The scope of BI is limited to the business domain and is concerned with dashboard creation. It focuses on the creation of business insights and the organization of data, making it easy for users to extract information. 

Data Science includes advanced statistical techniques and prediction models. Thus, it is far more complex than BI. 

Flexibility 

Business Intelligence is a little less flexible compared to data science. Business managers must estimate data sources ahead of time in the case of BI. 

Conversely, data science is highly flexible. Data scientists can add data sources as and when required. 

Skills

Some essential skills required for Business Intelligence include the ability to solve problems, sound commercial acumen, creative thinking, and more. 

On the other hand, the abilities necessary for data science include proficiency in Python, R, SAS, etc. Knowledge of data visualization and big data analytics tools is vital to gain insights from the stored business data. 

Responsibilities 

Understanding the responsibilities of BI and Data Science is vital to solving business problems. BI entails various duties, including engagement in business connectivity, data validation, source system identification, etc. 

Data processing and transformation, predictive model development, fine-tuning ML models, etc., are all duties of a data scientist. 

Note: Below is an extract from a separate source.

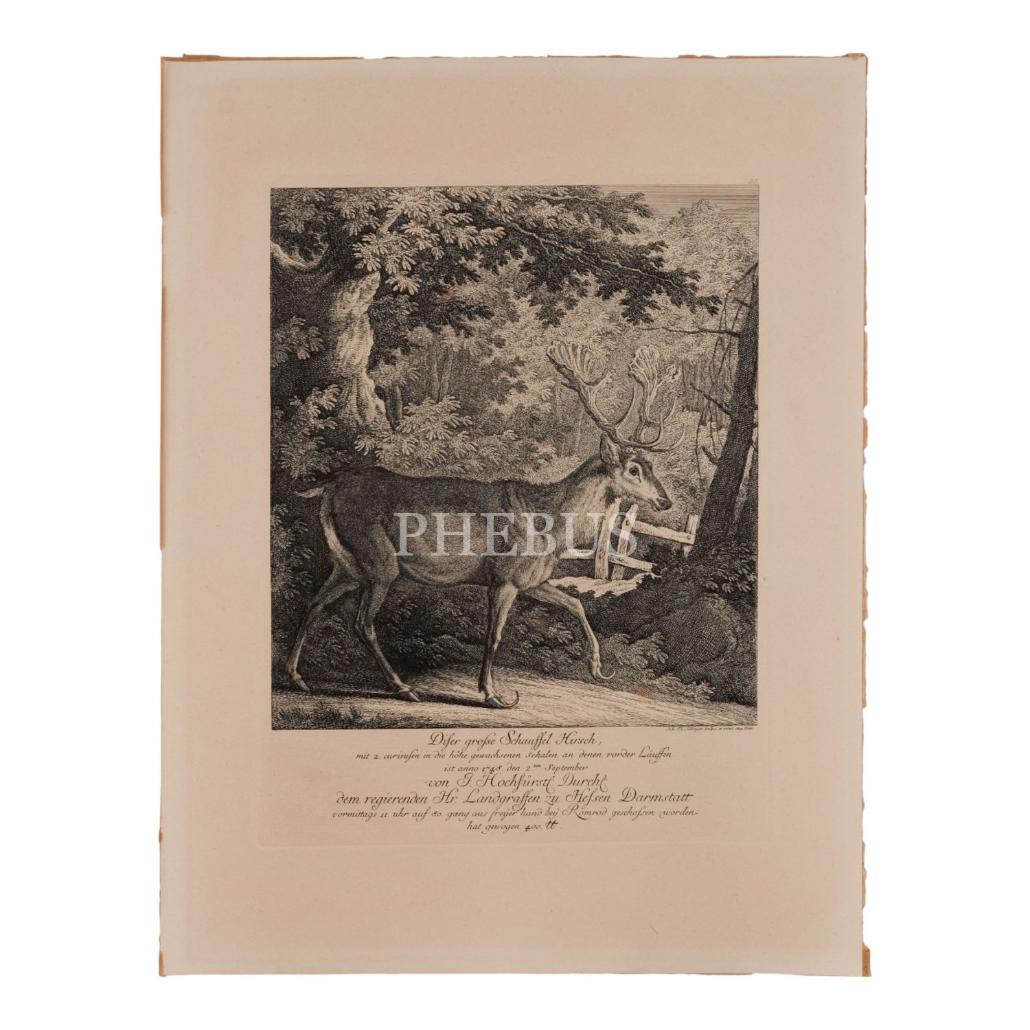 1748 yılında bir prens ya hanedan mensubu tarafından avlanmış geyiğin gravürü, 35x46 cm...

Business Intelligence Vs. Data Science experts

Handle Your Real-Time Data Like A Pro With Expert Solution

Even though both Data Science and Business Intelligence can work independently, combining them allows you to get quick insights to drive strategic decisions. Organizations can utilize Data Science and Machine Learning to construct hypotheses to forecast the likelihood of future projects. 

Remember, handling the data in the best possible way is essential for organizations. The right tools help in managing large volumes of data efficiently. If you want to choose the best data management method between Business Intelligence vs. Data Science, contact Inferenz experts today! 

FAQs 

Which is better, Data Science or Business Intelligence?

Both Data Science and Business Intelligence are data-focused processes, but they have some main differences. For example, while Data Science aims to predict future events, Business Intelligence focuses on past data analysis. 

Will Data Science replace Business Intelligence?

Data Science and Business Intelligence are two different disciplines. While Data Science deals with predictive and prescriptive analysis, BI deals with descriptive analysis. Hence, one cannot replace another in any aspect. 

Is data analytics the same as business intelligence?

In short, data analytics is one of the most critical tools for BI. However, they are not the same. In fact, BI uses a wide range of strategies and tools, of which data analytics is fundamental.